Aurora Rising (The Aurora Cycle #1)(14)
And ew, by the way.
“How’s Jaime doing?” I ask.
“He’s good. Back on Terra with his mom.”
(Jaime Sanderson. Ex-boyfriend #37. Pros: good kisser. Cons: likes jazz.) “Tell him I said hi.”
“Shall do.”
“Um, so listen,” I say, glancing at my brother, the carnage around us. “None of this was Tyler’s fault. He was trying to break it up. Do you need to lock him down?”
“Standard procedure.” The lieutenant shrugs, back to business. “Security footage of the incident will be reviewed, and if what you say is true, Squad Leader Jones here will be out in time for dinner.”
I give Lieutenant Sanderson my best pout. “But, Lieutenant—”
“It’s okay, Scar,” Tyler groans, trying to hold back his vomit. “I’ll be fine.”
The SecOfficers pull everyone to their feet, careful to avoid getting puke on their uniforms. The cadet with the broken arm is whimpering with pain, the guy whose soft parts got stomped on isn’t even conscious. As Lieutenant Sanderson cuffs him, I see the Syldrathi’s pretty face is glistening with dark purple blood. Tyler’s blood is smudged on the Syldrathi’s knuckles, bright red.
“That was a cheap shot,” Tyler says to him.
The Syldrathi says nothing. His expression is ice-cold, and there’s not a hair out of place on his head.
I look between the pair, wondering if my smile looks as forced as it feels.
“Ummm … so this is awkward. …”
“Meaning what?” Tyler blinks.
I look pointedly at the Syldrathi. “Welllll …”
“No,” Tyler says.
“Afraid so, Bee-bro.”
“Nooooo.”
“Squad Leader Tyler Jones,” I say, glancing at my uniglass, “may I present your combat specialist, Legionnaire Kaliis Idraban Gilwraeth, first son of Laeleth Iriltari Idraban Gilwraeth, adept of the Warbreed Cabal.”
The Syldrathi glares at my brother with those amazing violet eyes.
Spits a mouthful of purple blood on the floor.
Speaks with a voice like melting chocolate.
“It is Kal for short.”
4
Zila
Hmm.
My current situation could be adequately described as …
… suboptimal.
5
Auri
Screaming.
Someone’s screaming right near me.
My eyes flash open and I lurch upright, pulling my bedsheets with me.

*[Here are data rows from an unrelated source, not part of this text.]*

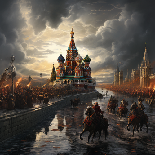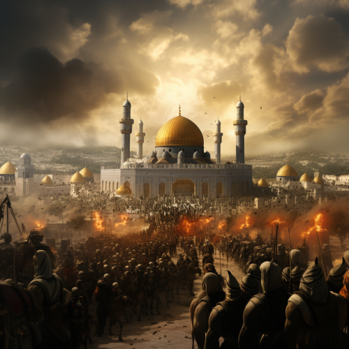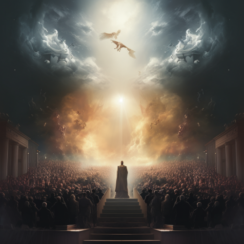 two contradictory scenes in one picture. On the left, there is a large altar surrounded by believers praying fervently (dark gloomy). On the right, there is salvation with a sky that opens and shines with divine light. - dramatic scene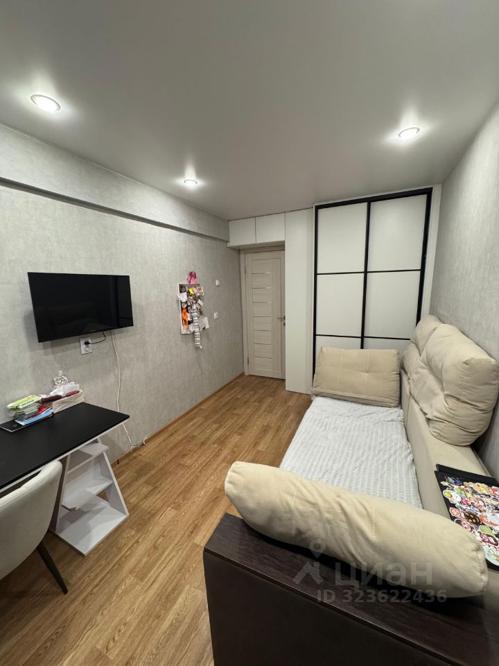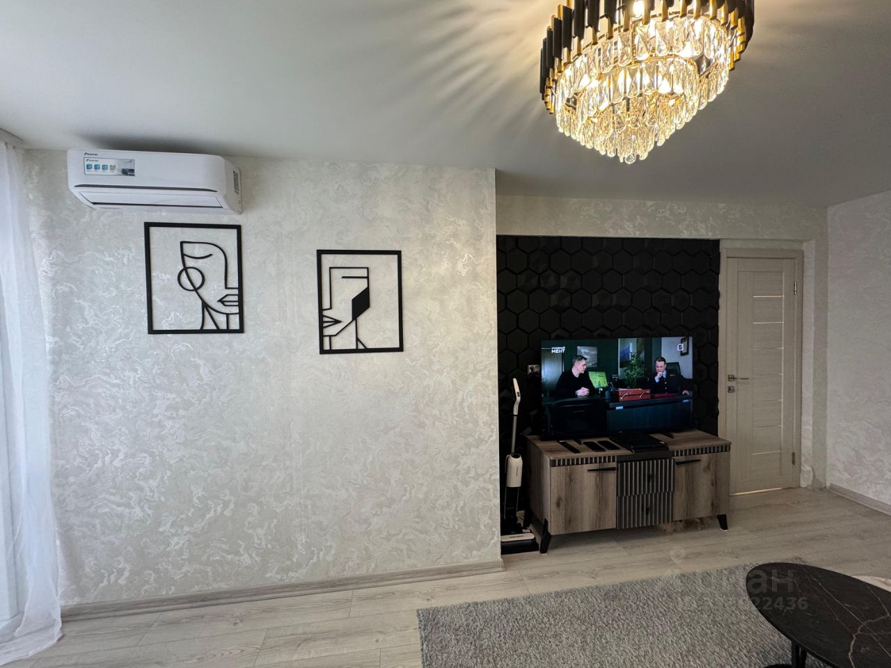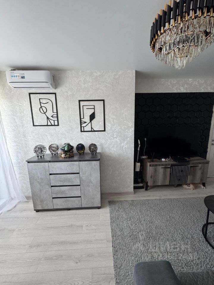 Во всей квартире установлены натяжные потолки с точечными светильниками. Санузел раздельный. Стены и пол облицованы кафелем современного образца, установлена новая сантехника и полотенцесушитель. Произведена замена водопроводных труб. На кухне стены до потолка, полностью, облицованы современным кафелем. Акцентная стена над обеденной зоной оформлена в виде арочной ниши с точечными светильниками. В гостиной установлен кондиционер. Имеется балкон с выносом балконной рамы, что позволило увеличить площадь верхней части балкона до 30 см., а также оборудовать на балконе подоконники для цветов. Остекление балкона ПВХ профилем. Внутренняя отделка пластиковыми панелями. При продаже в квартире остаются три современных шкафа- купе и угловой кухонный гарнитур.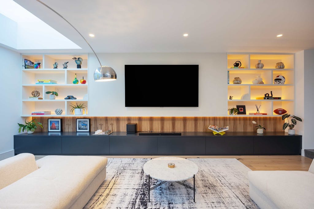 Perfectly suited to contemporary interiors, a bespoke media or fireplace wall works just as beautifully in a basement cinema, a luxurious living room, or an open-plan family space.
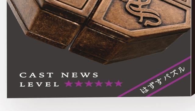 ピースは2つですが、外見上動くところが無くはずし方に迷うパズルです。世界を代表するパズル博士、芦ヶ原伸之氏によるデザインです。開発時に難易度を一般公募で決定するという企画がなされた結果「6」(最高難易度)となりました。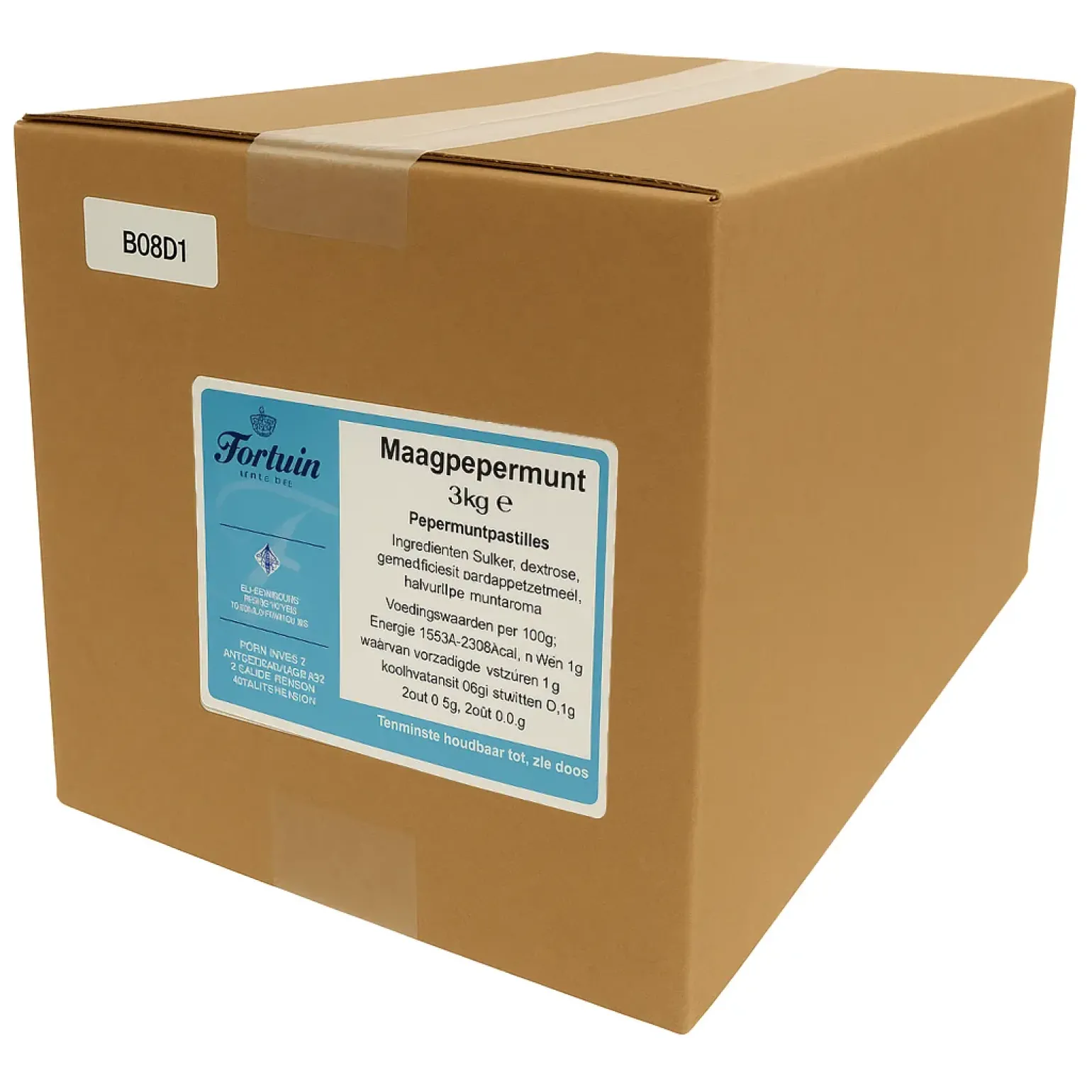 Bij Compliment.nl koop je voordelig de klassieke Fortuin Maagpepermunt in een grootverpakking van 3 kg. Deze vertrouwde pepermuntjes staan bekend om hun frisse smaak en aangename mondgevoel, ideaal om na de maaltijd te nemen of gewoon tussendoor. Dankzij de zachte structuur en de verkoelende pepermuntsmaak zijn ze geliefd bij jong en oud. De handige voordeelverpakking is perfect voor grootverbruik in horeca, kantines, zorginstellingen of gewoon thuis als je nooit zonder wilt zitten. Fortuin Maagpepermunt is al jarenlang een iconisch product dat kwaliteit en smaak combineert.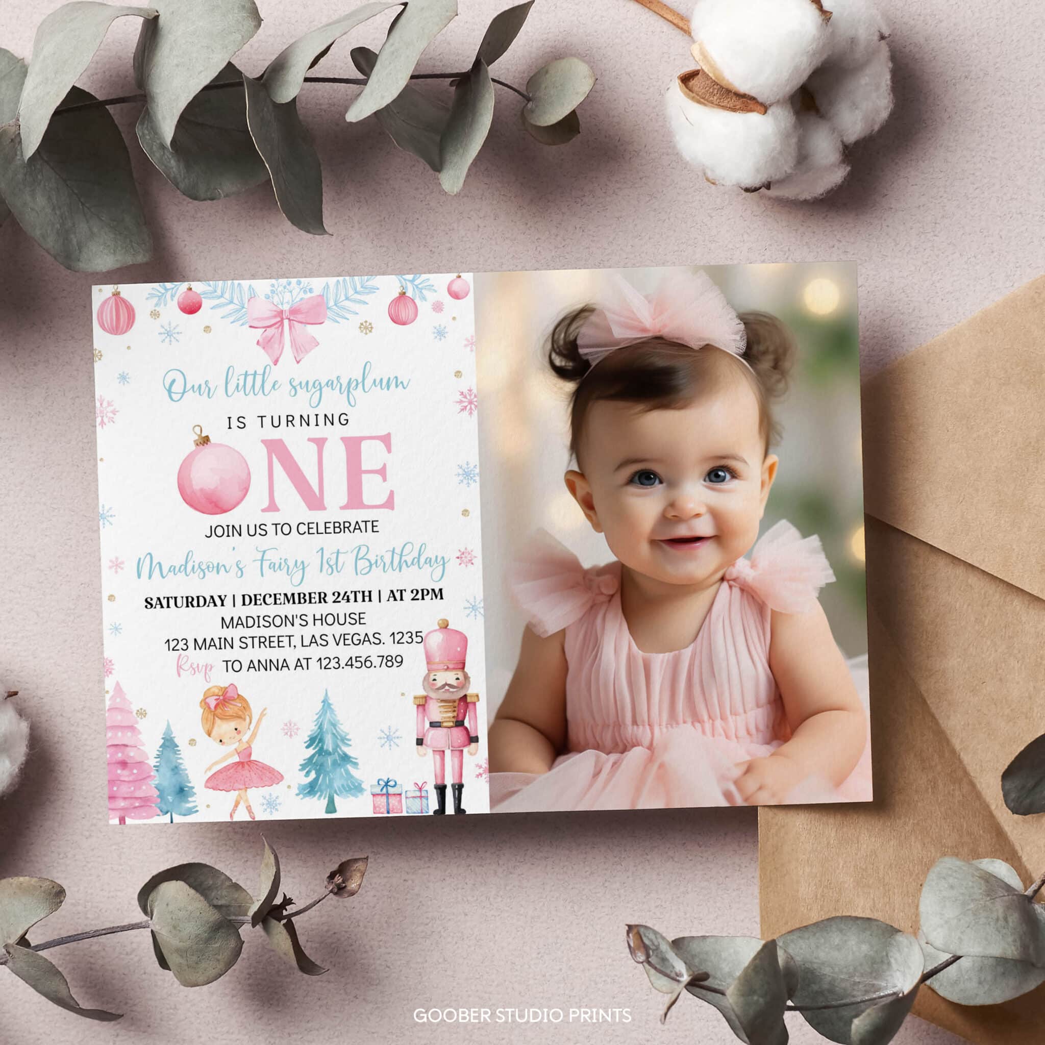 Invite family and friends to celebrate your little one’s nutcracker birthday with this sweet nutcracker 1st birthday photo invitation. Designed for a little sugarplum, it features whimsical nutcrackers, delicate snowflakes, soft pink bows, and dreamy winter wonderland details—perfect for a magical winter birthday or festive Christmas party. Easy to personalize and print at home, it’s a stylish and budget-friendly way to celebrate your baby’s first birthday.

There’s a guy standing in the middle of my room. Glaring straight past me like he’s trying to burn a hole in the wall. He has long silver hair tied back in five braids and seems around my age, but he kind of looks like something straight out of Middle-Earth central casting. Pointy ears like a freaking elf, beautiful violet eyes, stupidly tall and stupidly graceful. There’s some kind of small tattoo on his forehead.

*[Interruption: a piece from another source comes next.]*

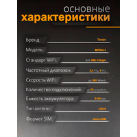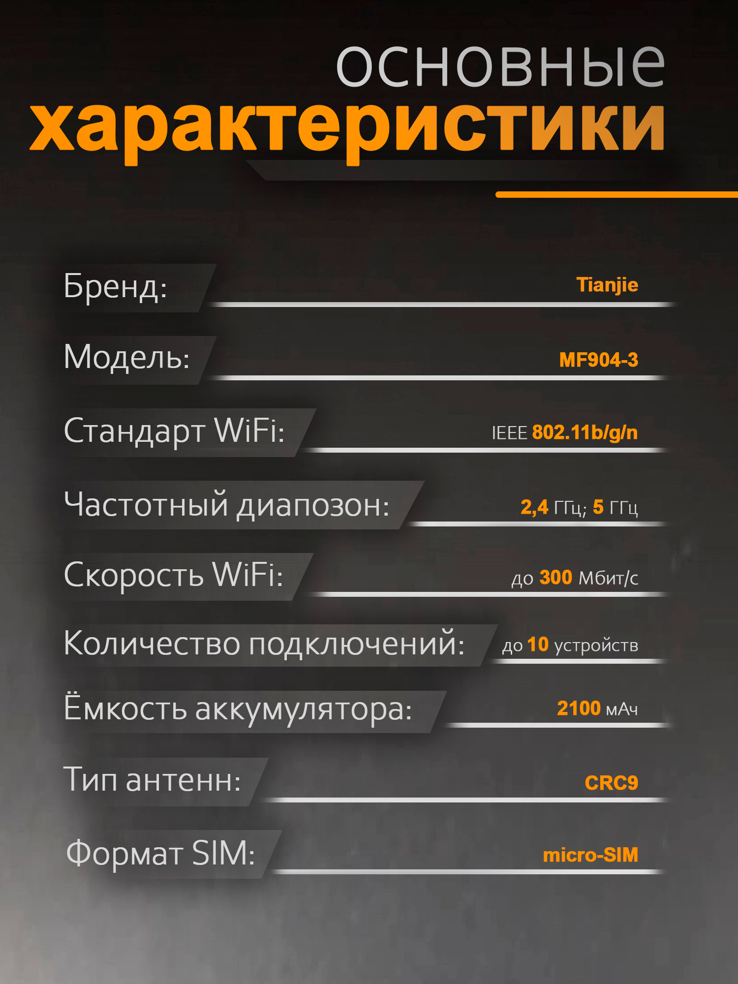 | Дополнительная информация | Роутер Wifi Аккумулятор 2100mAh Usb шнур Внешняя антенна |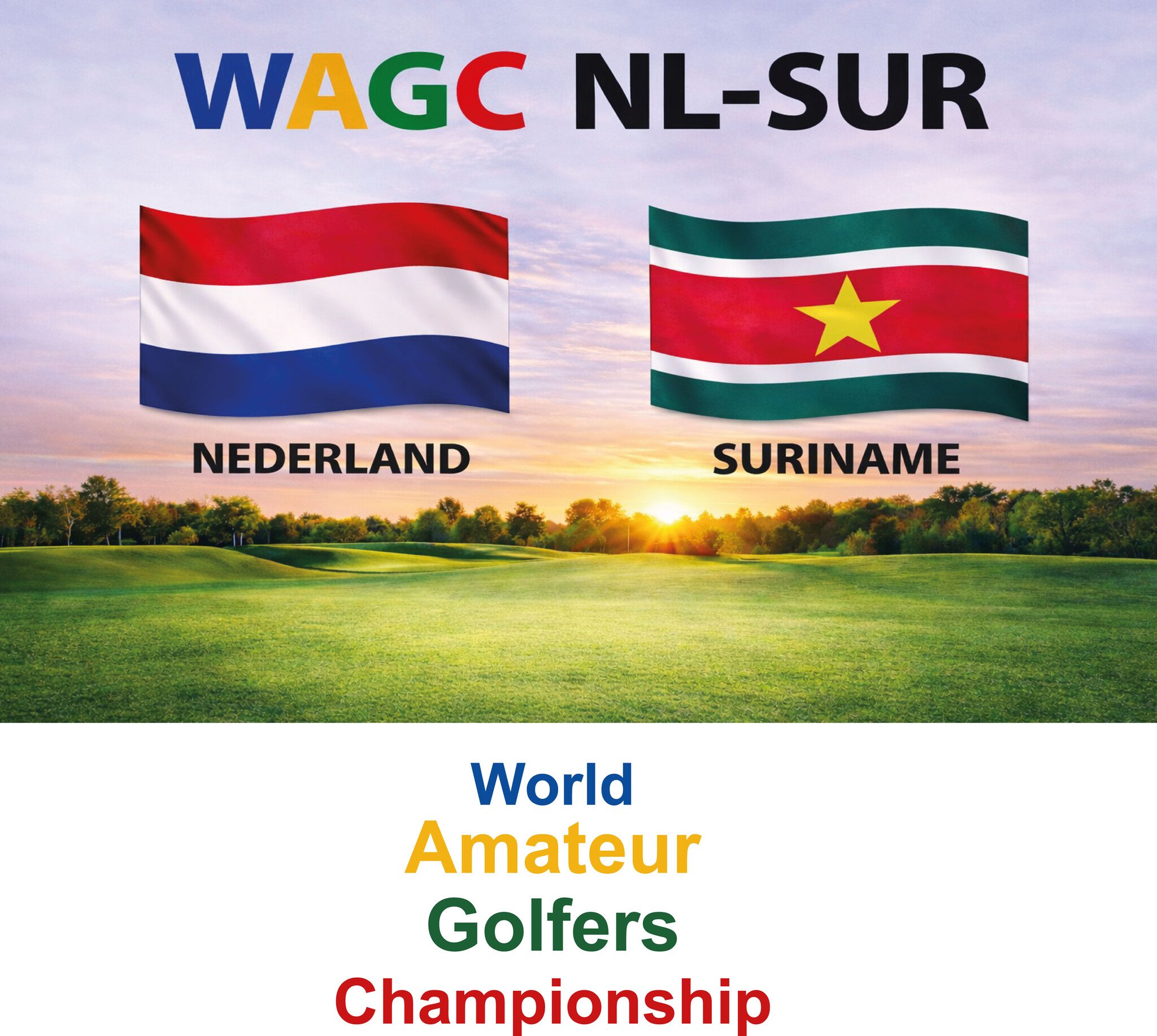 Ontwerp Stichting WAGC Suriname spandoek 240 x 160 cm met oogjes en Muursticker geprint op 90 x 90 cm

“Cho’taa,” he says. “It has nothing to do with my blood.”
“Uh, what?” I stammer, wincing inwardly as I stumble over just two syllables.
I hear a loud thump, the grinding screech of metal. A cold voice.

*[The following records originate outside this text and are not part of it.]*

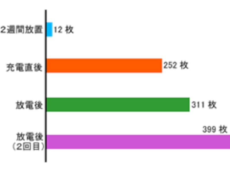 今回は399枚の撮影に成功した。最初のフル充電からは約58%増し、2回目の充放電からは28%増しという結果になったのである。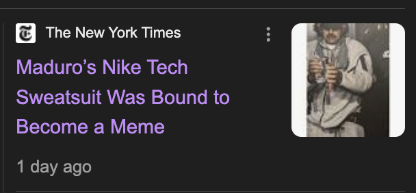 Simply: it’s a very big deal to send American Special Forces into Venezuela early in the morning and extract (kidnap?) their sitting president and his wife from their home and bring them back to the United States. However, hours after it happened our president posted a picture of their president onboard an American aircraft carrier in a grey Nike jumpsuit and some other memorable garb. It’s an incredibly memorable picture, and probably would’ve been just as memorable if the tracksuit had been green or blue or white, but maybe not if it he’d been in an actual (business) suit.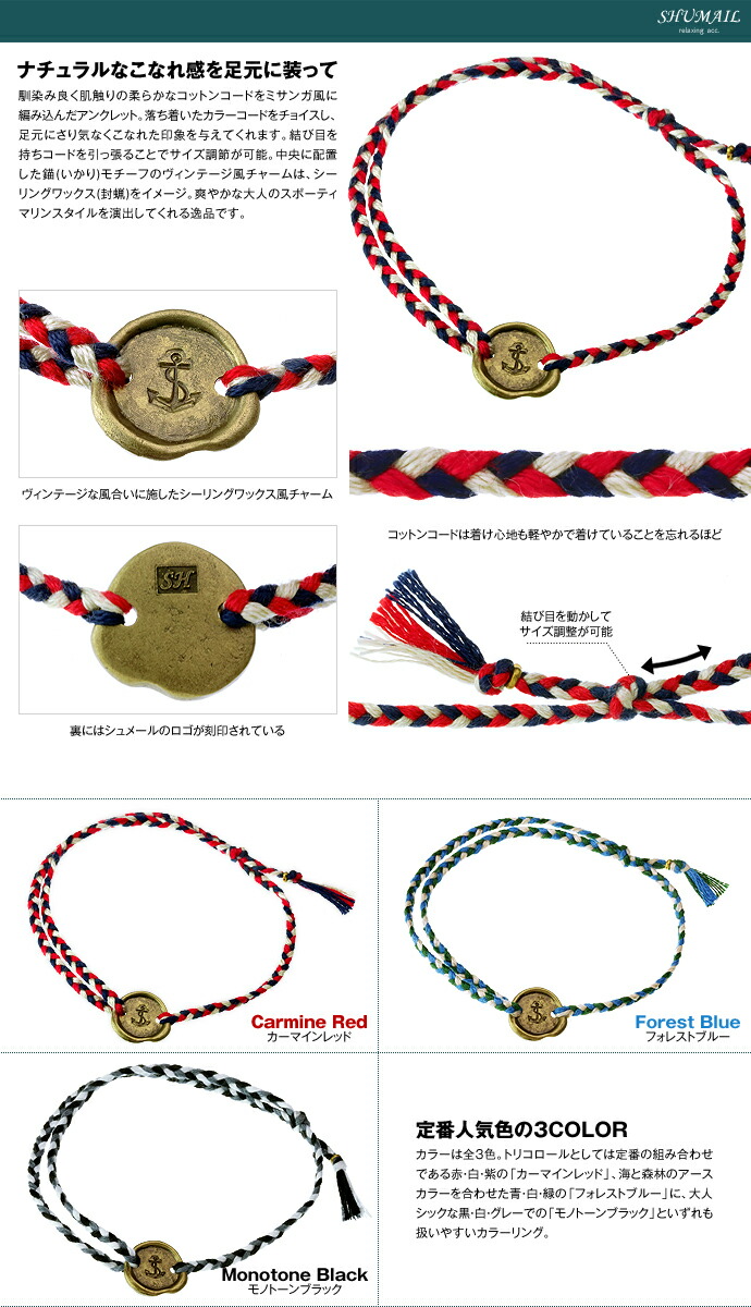 ミサンガ アンクレット メンズ 編み込み マリン ヴィンテージ調 アンティーク風 アクセサリー ブランド SHUMAIL レディース 足首 カップルお揃い フリーサイズ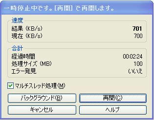 WinRARのベンチマーク・ハードウェアテストを使って、100MBまでの時間を計測。

“I will see you in the Void, Warbreed.”
There’s a flash of energy, violet like his eyes. The boy cries out and falls. I feel something warm on my hands and look down to see they’re covered in blood.
Purple blood.
I can feel a scream of horror building in my throat, but a beat later it all starts to fade. Dissolving the way my visions have been. And past the surging of my heart, the ice in my stomach, I realize that’s exactly what he is—yet another vision of something I’ve never seen.
I stare at the spot where he stood, my pulse climbing down from the ceiling.
“What the hell …”
When are these visions going to stop?
Is my brain trying to recalibrate after what it went through?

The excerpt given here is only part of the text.